Glioma Subtype Classification & Survival Modeling from DNA Methylation

Diffuse gliomas are highly heterogeneous and notoriously difficult to classify and prognosticate. Traditional histopathology suffers from documented interobserver variability, especially for ambiguous tumors. The current reference-standard methylation classifier (DKFZ/Heidelberg) is a black box built on proprietary infrastructure, which limits clinical interpretability and adoption. Existing prognostic signatures often rely on single cohorts and narrow probe sets, raising overfitting concerns. The challenge: build something transparent, reproducible, externally validated, and biologically interpretable — covering both diagnosis and survival in one pipeline.

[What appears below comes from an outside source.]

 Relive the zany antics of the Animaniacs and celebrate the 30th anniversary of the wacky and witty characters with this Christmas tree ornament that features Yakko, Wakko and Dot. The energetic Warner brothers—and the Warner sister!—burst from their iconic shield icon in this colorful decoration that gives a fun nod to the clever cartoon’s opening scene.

Two parallel branches over harmonized 450k + EPIC methylation data with strict train/test isolation. Classification: a multi-class XGBoost trained on a 462-sample 450k cohort with variance thresholding, Bayesian hyperparameter optimization, and a two-stage feature selection (importance filter + CV-guided top-k) that reduced the input from ~404,000 probes to a parsimonious 70-feature model. Validated externally on independent 450k and EPIC cohorts, plus two large public 450k GBM cohorts (GSE36278, GSE200647) never seen during training. Survival: pooled all 711 samples (256 events), aggregated raw CpGs to gene-region features (promoter and gene-body, by UCSC RefGene mapping) for interpretability, and fit two complementary penalized Cox models — a pooled stratified Elastic-Net Cox sharing coefficients across cancers but with per-histology baseline hazards, and per-cancer Elastic-Net Cox + CoxBoost models. Evaluated under a 5×5 nested cross-validation with 5 repeats, with Sure Independence Screening (SIS) re-fit inside every training fold to prevent feature-selection leakage.

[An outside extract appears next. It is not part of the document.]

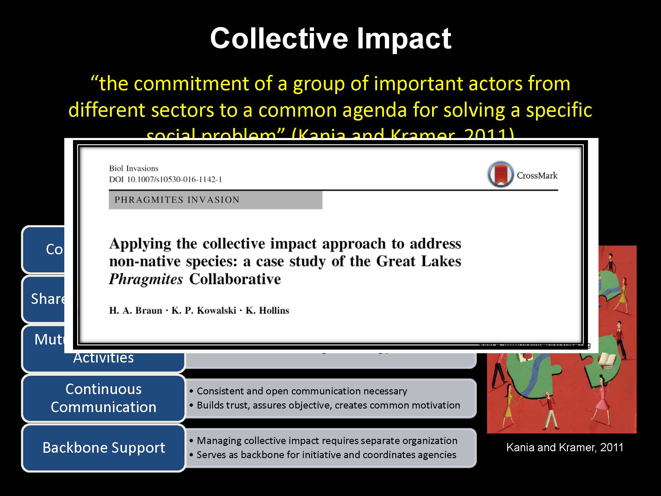 The Phragmites Collaborative is based on the idea of ‘collective impact’, which is defined as the commitment of a group of important actors from different sectors to a common agenda for solving a specific social problem. It essentially takes collaboration to a new level by setting out tenets needed in order to achieve a collective impact of an action, including a common agenda and goals, shared measurements, and accountability for achieving the conservation objectives that are being addressed. A backbone agency or entity is needed to keep driving the process forward.
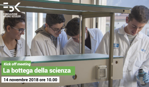 Mercoledì 14 novembre presso la sede di via S. Croce 77 della Fondazione Bruno Kessler, con inizio alle ore 10, si terrà l’evento di lancio del progetto di alternanza scuola-lavoro “La bottega della scienza”, un innovativo laboratorio di ricerca partecipata che coinvolge la cittadinanza locale, il mondo della scuola e quello della ricerca.

Classifier: 97.4–98.3% accuracy on the held-out 450k partition; 100% on an external 450k cohort and 93.3% on an external EPIC cohort for Astro/Oligo; 97.4% and 99.1% on two unseen public 450k Glioblastoma cohorts — robust across both array technologies. Survival: pooled stratified Elastic-Net Cox achieved C-index = 0.796 ± 0.034 and time-dependent AUC = 0.844 ± 0.036 in cross-validation, the strongest discrimination yet observed in this cohort and outperforming all per-cancer models. Per-cancer Kaplan–Meier hazard ratios showed dramatic risk separation: Astrocytoma HR = 6.32, Oligodendroglioma HR = 19.63, Glioblastoma HR = 3.76. The pipeline recovered biologically plausible candidate prognostic loci including HMGA2, RHOBTB3, POMT1, HSPG2, and HOXC9 — a finding consistent across two distinct penalization schemes (Elastic-Net Cox and CoxBoost). Manuscript co-authored with Dr. Yasin Mamatjan.

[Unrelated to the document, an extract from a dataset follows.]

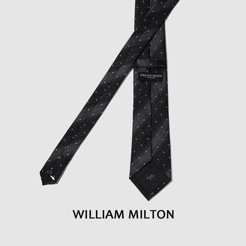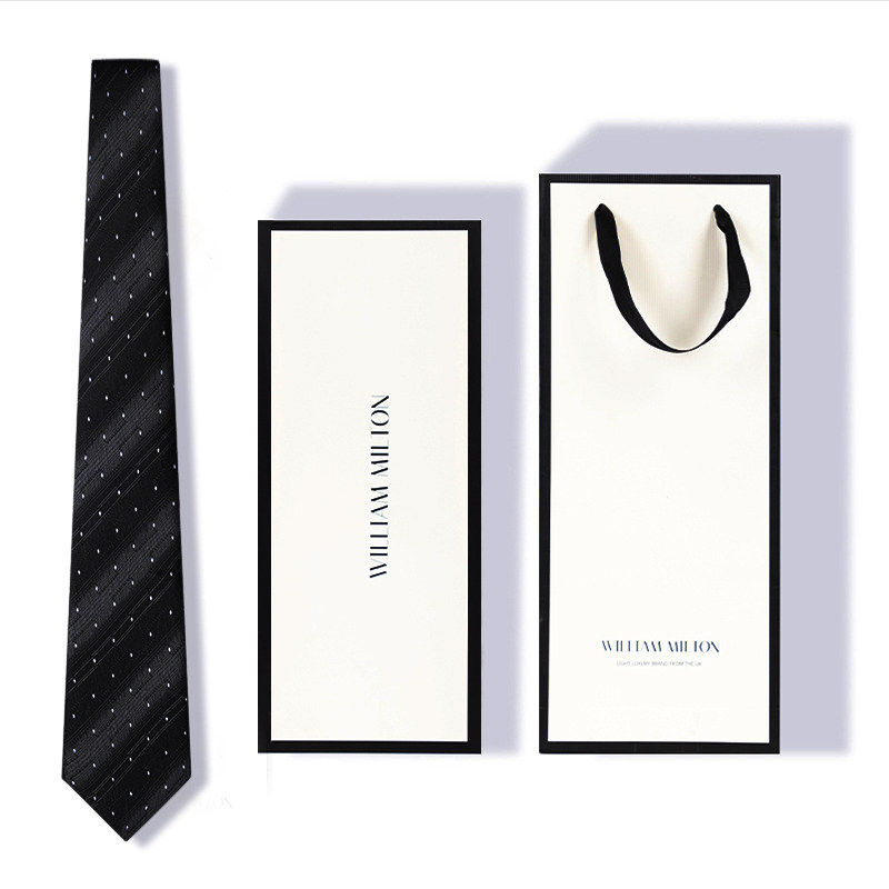 WILLIAM MILTON墨色烟雨黑色条纹真丝领带,以高级桑蚕丝精心织造,融合东方水墨意境与现代商务美学。经典黑色基底上,细腻条纹如烟雨朦胧,低调中彰显设计感与艺术品味。100%真丝材质光泽柔润,触感顺滑,垂坠感极佳,完美契合高端商务场合。搭配精致礼盒包装,尽显尊贵质感,是商务精英彰显品位的理想之选。无论是重要会议、商务洽谈,还是正式晚宴,这款领带都能为整体造型增添儒雅与自信。WILLIAM MILTON以匠心工艺诠释男士优雅,成就非凡格调。

Strict leakage control is the difference between optimistic-looking results and honest ones. SIS feature screening, scaling, and hyperparameter tuning must all be re-fit inside every training fold — otherwise the held-out folds aren’t really held out. The largest practical win came from gene-region aggregation: collapsing hundreds of thousands of CpGs to per-gene promoter and body summaries improved interpretability without sacrificing performance, and produced feature lists that biologists could actually engage with. Pooled-stratified modelling captured a single dominant cross-cancer risk axis with very few features, while per-cancer models surfaced richer histology-specific biology — different questions, different right tools.